Association tests for rare variants of complex traits
Numerous methodologies have been described for statistically comparing the frequency differences of rare coding variants for a complex trait in cases and controls [22]. Some approaches assume that much of the heritability of complex traits arises from the combined presence of functionally important rare variants. These, which include CAST and combined multivariate and collapsing (CMC) method, collapse rare variants within a functional location (e.g., gene locus) and compare the frequencies of the aggregate variants between cases and controls [36], [37]. Other methods for evaluating rare, risk-conferring mutations include weighted sum methods that count both rare and common coding variants. These tests weight variants based on their frequency in controls [38] or are informed by computational prediction programs for assessing functionality [39]. Although these assessment methods demonstrate high statistical power, they are disadvantaged by their inclusion of both rare and common variants, as well as functional information that is largely inapplicable or unavailable for noncoding variants.

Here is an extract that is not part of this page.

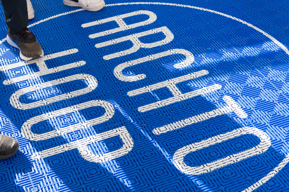 特別な体育館がなくても、街なかや商業施設、空き地や駐車場に短時間で設営できる。

Although the effects of rare missense variants are frequently deleterious with regard to protein structure and function, the effects of rare regulatory variants are less readily interpretable [23], [36]. Such variants may cause increased or decreased gene expression, depending on their location; may act in a tissue-dependent manner, thereby weakening their association with complex traits; and may increase, decrease, or not affect transcription at all. Whereas nonfunctional coding variants can be predicted easily by synonymous or conservative amino acid substitutions, similar criteria cannot be applied to regulatory variants.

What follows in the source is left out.